I work with a fair amount of people from academia, a lot of them seem to have the view that things that have not been peer reviewed are not worth reading.
But ML already has conferences and journals where work is peer reviewed and published in an open access manner.
So it's not that academics see journals/conferences as value-less, but that they are already doing all this work for free, why do it for free for Springer who will then charge everyone?
I think a lot non-academics (myself included) tend to hear the phrase "peer reviewed" and conflate it (rightly or wrongly) with "these results are replicable and therefore correct."
I don't know what the long term solution is but I have a feeling it won't involve companies that charge a lot of money for a service (publishing) that has been effectively free since the Internet has existed.
A lot of peer reviews in ML are currently completely open. For instance you can view the reviews for papers in previous and upcoming conferences here [0].
Also in terms of replicability ML is in a unique position where a lot of research is on standard datasets with models that don't take an excessive amount of compute power to train. This means that if the authors include a github link to their code you can fully replicate their results. So some "peer reviewed" ML papers can actually subscribe to your first description of peer reviewed.
I think a lot of ML research, despite being replicable is not necessary useful, because what we really want, approaches we can add in addition to all the other methods we have, that introduce meaningful improvements without unnecessary complexity and work across datasets, are quite rare. And that's assuming the evaluation was done well.
Not to say the research is worthless, just that straight replicability is not necessarily enough.

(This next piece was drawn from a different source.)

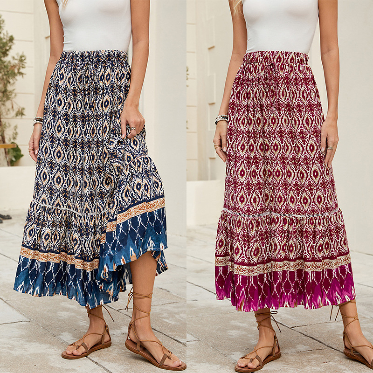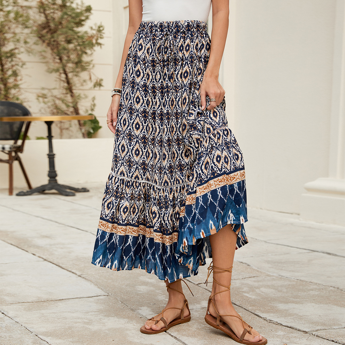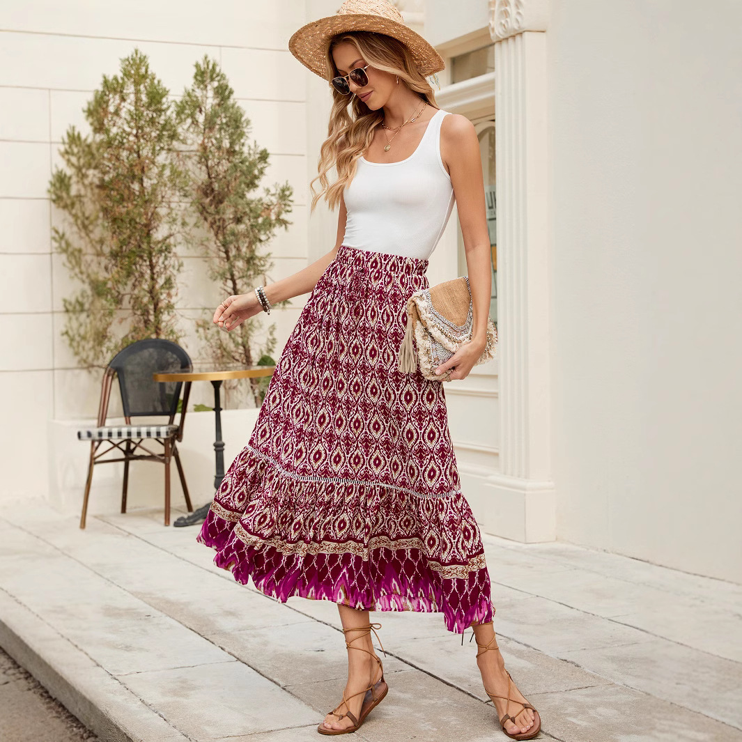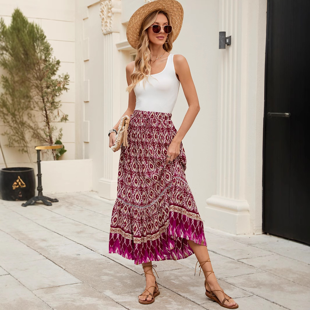 Beachside Maxi Skirt With A Bold Floral Print For Vacation

The greatest value of journals isn't that three random people (give or take) have reviewed and suggested edits to the papers before publication.
The greatest value of journals is when hundreds or thousands (or, hell, dozens) of other people, well informed and competent in the subject matter, read the papers and consider how it meshes with their own experience and understanding and build upon it, writing letters to the journal pointing out problems and articles which follow up on the original work.

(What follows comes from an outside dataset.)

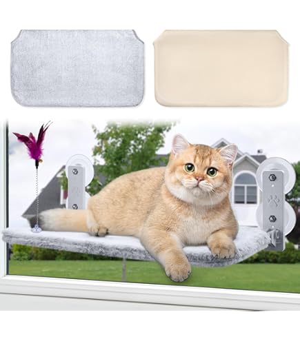 Amaca Per Gatti Da Finestra Pieghevole Amaca Gatto Finestra, Amac Di Gatto Montata Sulla Finest Con Ventosa Forte Tappetino Copertura Spessa Rimovibile, 52 * 30cm, Fino A 18 Kg(Beige) : Amazon.it: Prodotti

That is how an idea is validated. An article published in a journal that no one reads isn't much different than an unpublished article, and if work is spread, responded to, and built upon outside of journals, it isn't much different from a journal-published article.
That's unfortunate because that is how consensus and dogmatic group-think emerge. People need to think for themselves.
I love learning but stayed away from college because I couldn't stand how fundamentally at odds traditional education routes are to creativity and free thinking.
Personally, I find Twitter and arxiv-sanity good sources for keeping up with ML. They have their own mechanism of surfacing popular content and filtering based on preferences.
But ML already has conferences and journals where work is peer reviewed and published in an open access manner.
So it's not that academics see journals/conferences as value-less, but that they are already doing all this work for free, why do it for free for Springer who will then charge everyone?